Una tarde luminosa de domingo el escenógrafo y coreógrafo dijo que había realizado más de 8 mil títeres en más de 40 años de carrera. Los primeros que elaboró fueron para representar “Drácula”, de Bram Stoker, y luego sus piezas escaparon hacia todas partes del mundo a contarles a sus nuevos dueños quién era su creador. Si uno es lo que crea, dice y escribe, entonces Mejía Barón, conocido como “Alfin”, se transformó poco a poco en un silencioso y solitario títere creativo que vivía rodeado de divertidos seres de trapo y madera. Ángeles, máscaras, esculturas, rumberas, náufragos, magos, seres de otras galaxias y héroes de la literatura universal son su única compañía en las noches frías e hirvientes de Ciudad Monstruo.

 

Hoy sus criaturas, huérfanas de su demiurgo quizá ven sonrientes pasar aún al enorme gato que con pereza y milenaria tranquilidad atraviesa el taller del último piso y al que sólo se llega a través de unas escaleras metálicas adornadas con plantas y máscaras de todo tipo. Allí, en esa vivienda, quizá también permanezca el halo del Gepetto que les platica a sus hijos toda clase de anécdotas,  de las muchas películas donde participó o cuáles fueron las esculturas que nunca le gustaron o sobre las 60 películas en las que participó. Aunque son muchos, cada uno de sus hijos tiene un nombre y casi todos han regresado de viajes por el interior de la República o del extranjero. Otros alcanzaron a verlo. Otros ya no volvieron a tiempo.

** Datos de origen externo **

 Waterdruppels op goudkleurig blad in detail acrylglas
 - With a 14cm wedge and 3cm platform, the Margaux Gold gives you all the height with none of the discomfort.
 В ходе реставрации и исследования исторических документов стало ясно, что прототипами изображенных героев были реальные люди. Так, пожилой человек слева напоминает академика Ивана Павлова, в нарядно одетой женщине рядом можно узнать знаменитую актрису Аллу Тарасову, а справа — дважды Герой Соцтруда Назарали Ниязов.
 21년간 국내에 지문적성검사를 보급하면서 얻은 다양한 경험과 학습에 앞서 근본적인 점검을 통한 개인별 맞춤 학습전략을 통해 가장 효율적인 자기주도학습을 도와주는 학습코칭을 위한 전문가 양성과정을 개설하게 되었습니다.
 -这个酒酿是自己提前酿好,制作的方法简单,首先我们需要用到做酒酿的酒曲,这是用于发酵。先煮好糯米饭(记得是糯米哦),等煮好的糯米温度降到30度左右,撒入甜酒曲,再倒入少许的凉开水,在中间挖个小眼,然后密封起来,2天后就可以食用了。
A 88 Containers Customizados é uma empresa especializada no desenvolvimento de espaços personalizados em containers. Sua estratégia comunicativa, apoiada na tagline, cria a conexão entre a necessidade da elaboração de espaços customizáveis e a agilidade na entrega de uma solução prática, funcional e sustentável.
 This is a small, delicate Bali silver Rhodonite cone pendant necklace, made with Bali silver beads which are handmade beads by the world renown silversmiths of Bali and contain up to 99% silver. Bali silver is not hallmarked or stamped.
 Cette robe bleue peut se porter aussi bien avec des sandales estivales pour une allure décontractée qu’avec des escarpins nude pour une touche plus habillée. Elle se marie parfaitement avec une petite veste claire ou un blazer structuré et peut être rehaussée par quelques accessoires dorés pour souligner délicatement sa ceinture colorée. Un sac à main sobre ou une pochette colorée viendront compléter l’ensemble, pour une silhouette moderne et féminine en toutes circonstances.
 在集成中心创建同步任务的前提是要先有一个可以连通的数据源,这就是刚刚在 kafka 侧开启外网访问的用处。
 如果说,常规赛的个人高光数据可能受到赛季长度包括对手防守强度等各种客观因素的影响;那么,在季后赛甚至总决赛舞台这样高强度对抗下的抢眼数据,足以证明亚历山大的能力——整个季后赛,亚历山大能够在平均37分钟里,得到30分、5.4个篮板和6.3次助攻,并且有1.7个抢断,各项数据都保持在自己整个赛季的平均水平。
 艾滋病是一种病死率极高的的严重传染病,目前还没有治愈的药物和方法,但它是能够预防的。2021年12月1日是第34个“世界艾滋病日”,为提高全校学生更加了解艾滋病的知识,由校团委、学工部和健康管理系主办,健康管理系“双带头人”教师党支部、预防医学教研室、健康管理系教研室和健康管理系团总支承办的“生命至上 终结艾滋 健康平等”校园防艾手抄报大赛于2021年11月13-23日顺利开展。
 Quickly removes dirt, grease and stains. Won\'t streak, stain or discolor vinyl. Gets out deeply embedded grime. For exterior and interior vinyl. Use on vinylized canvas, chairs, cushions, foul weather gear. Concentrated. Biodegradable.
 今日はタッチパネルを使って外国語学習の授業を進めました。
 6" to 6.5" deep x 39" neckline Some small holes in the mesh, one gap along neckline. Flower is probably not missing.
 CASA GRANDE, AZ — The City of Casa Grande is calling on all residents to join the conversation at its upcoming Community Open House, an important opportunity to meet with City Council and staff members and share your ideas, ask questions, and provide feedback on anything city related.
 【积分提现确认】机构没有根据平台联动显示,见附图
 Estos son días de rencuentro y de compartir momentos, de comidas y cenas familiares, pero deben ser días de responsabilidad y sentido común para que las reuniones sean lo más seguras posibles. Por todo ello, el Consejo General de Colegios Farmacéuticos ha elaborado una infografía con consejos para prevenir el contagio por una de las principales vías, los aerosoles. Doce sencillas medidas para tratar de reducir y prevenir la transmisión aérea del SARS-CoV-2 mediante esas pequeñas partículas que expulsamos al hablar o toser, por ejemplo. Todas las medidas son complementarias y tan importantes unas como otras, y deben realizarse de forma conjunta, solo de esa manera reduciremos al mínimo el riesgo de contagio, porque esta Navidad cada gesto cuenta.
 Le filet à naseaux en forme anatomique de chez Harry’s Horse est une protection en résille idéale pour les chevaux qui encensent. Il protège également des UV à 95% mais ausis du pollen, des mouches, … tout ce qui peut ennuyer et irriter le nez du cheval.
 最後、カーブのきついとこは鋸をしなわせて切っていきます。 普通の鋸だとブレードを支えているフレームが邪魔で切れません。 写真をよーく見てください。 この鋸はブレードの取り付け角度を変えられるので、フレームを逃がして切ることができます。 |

Decía, también, que “la gente no se imagina que los títeres son instrumentos musicales de cuerdas, que tienen que estar afinados, colgados y no deben pasar mucho tiempo guardados, para que la luz de la magia no se apague en ellos cuando salgan a escena”. De los casi mil 900 que aún sobreviven de la legendaria Compañía Rosete Aranda, Alfin tenía 78 piezas en su colección personal. Sí, pero no eran los únicos que conservaba en su colección. Recuerdo que sacó de una parte de sus estantes a tres figuras olmecas con articulaciones en sus extremidades para tener movimiento y en sus cabezas servían como silbatos, lo que, explicó esa ocasión de tarde luminosa que demostraban que “desde hace más de 2 mil años ya existían los marionetistas y tenían un lugar importante en esa sociedad de dioses y poderosos guerreros”. Se los habían regalado. Tal como una madre que acuesta a su bebé en la cuna él los depósito en el sitio especial donde los protegía.

 

Seguro que en ese lugar a donde van las marionetas y títeres al morir él continúa dando vida a figuras de papel, madera, tela y cartón. Allí, sus dedos de sastre y su mirada de gato, recrean las más fantasiosas historias que jamás haya escuchado la humanidad. Seguro que en ese lugar también su gato negro bosteza con apasionado desinterés. Seguro se ríe de nuevo de aquéllos que lo creían loco por “decir que los títeres me hablan” y que una que otra de sus criaturas le arrebató las siete vidas a uno de sus felinos. Casi cinco años después allí sigue mi recuerdo amueblado con sus ángeles, máscaras, esculturas, rumberas, náufragos, magos, seres de otras galaxias y héroes que acompañan mis noches frías en Ciudad Monstruo.